Overall violent crimes — murder, rape, robbery and aggravated assault — increased by 4.1 percent in 2016, after rising by 3.3 percent in 2015, the FBI's Uniform Crime Reporting data shows.

The spike in violent crimes, the largest for a two-year period since US crime rates peaked in 1991, is fueling concerns that the United States is in the midst of a fresh violent crime spree following two decade of falling crime rates.

The US Department of Justice, which administers the FBI, said the report "reaffirms that the worrying violent crime increase that began in 2015 after many years of decline was not an isolated incident."

"Could it be a trend?
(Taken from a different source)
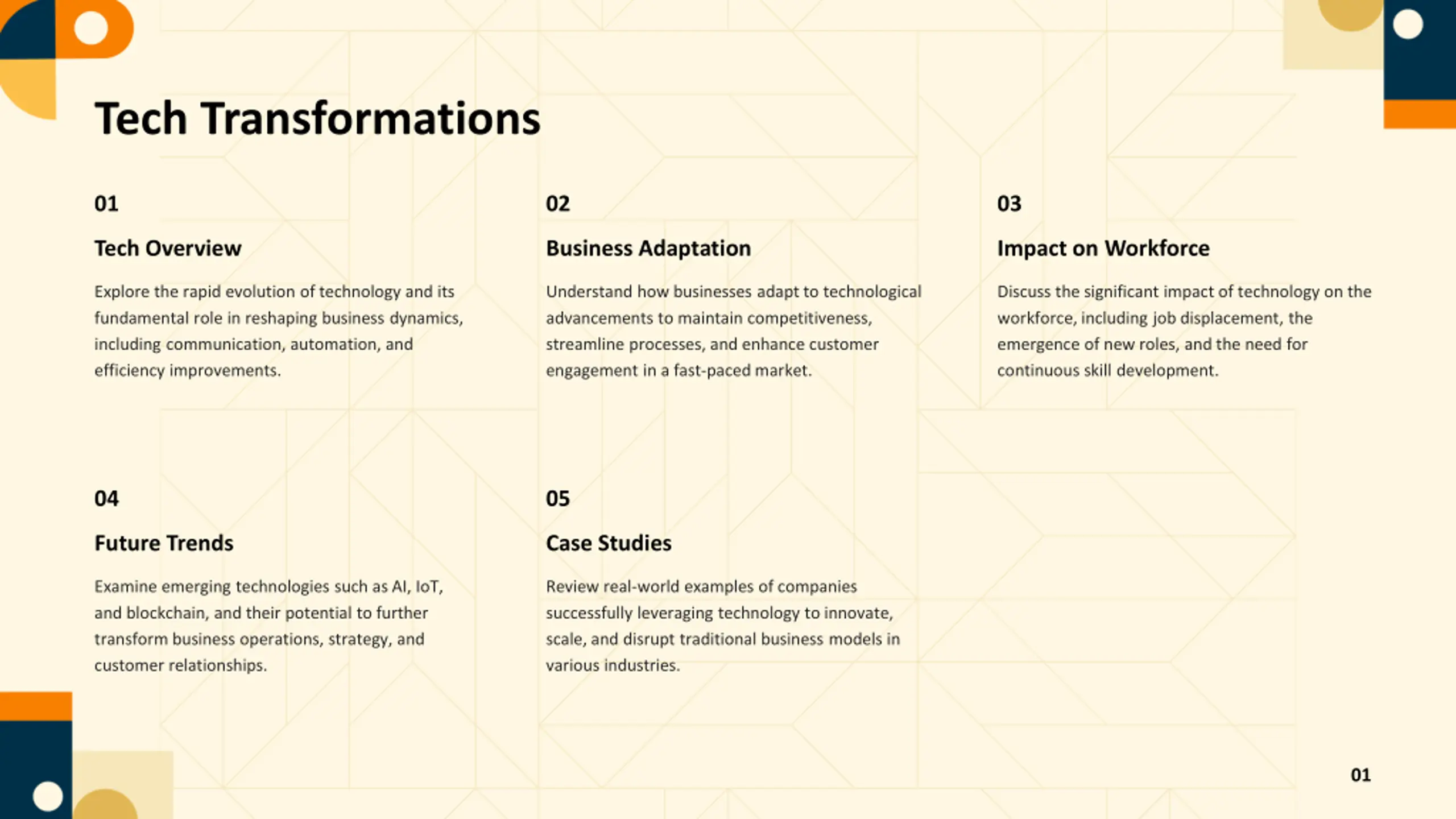 Tech Transformations 01 02 03 Tech Overview Business Adaptation Impact on Workforce Explore the rapid evolution of technology and its fundamental role in reshaping business dynamics, including communication, automation, and efficiency improvements. Understand how businesses adapt to technological advancements to maintain competitiveness, streamline processes, and enhance customer engagement in a fast-paced market. Discuss the significant impact of technology on the workforce, including job displacement, the emergence of new roles, and the need for continuous skill development. 04 05 Future Trends Case Studies Examine emerging technologies such as AI, IoT, and blockchain, and their potential to further transform business operations, strategy, and customer relationships. Review real-world examples of companies successfully leveraging technology to innovate, scale, and disrupt traditional business models in various industries. 01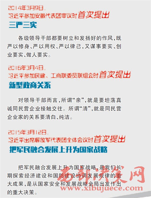 編者按:每年全國兩會期間,習近平總書記都要深入團組參加討論、審議,與代表委員們共商國是,圍繞治國理政新理念新思想新戰(zhàn)略,發(fā)表了一系列重要講話,深刻回答了在新的歷史條件下黨和國家發(fā)展的重大理論和現(xiàn)實問題,包括五大發(fā)展理念在內(nèi)的治國理念和執(zhí)政方略,內(nèi)涵不斷豐富,實踐不斷深入。

Absolutely," said John Pfaff, a Fordham University law professor and statistician. "But it certainly doesn't confirm it's a trend in one way or another."

The increases in violent crime were seen across much of the country, with cities large and small reporting rises. Chicago and Baltimore, the country's two most violent cities, accounted for 15 percent of the increase in the number of murders in the US.

"It suggests that it is a national trend and not just a thing we can blame on Chicago or something we can blame on Baltimore," said Jeff Asher, a crime analyst based in New Orleans, Louisiana. "It is happening in a lot of American cities."

US President Donald Trump and Attorney General Jeff Sessions have highlighted the rise in violent crime over the past two years to argue for tougher policing and other law enforcement policies. Sessions has vowed to confront what he called "the rising tide of violent crime in America."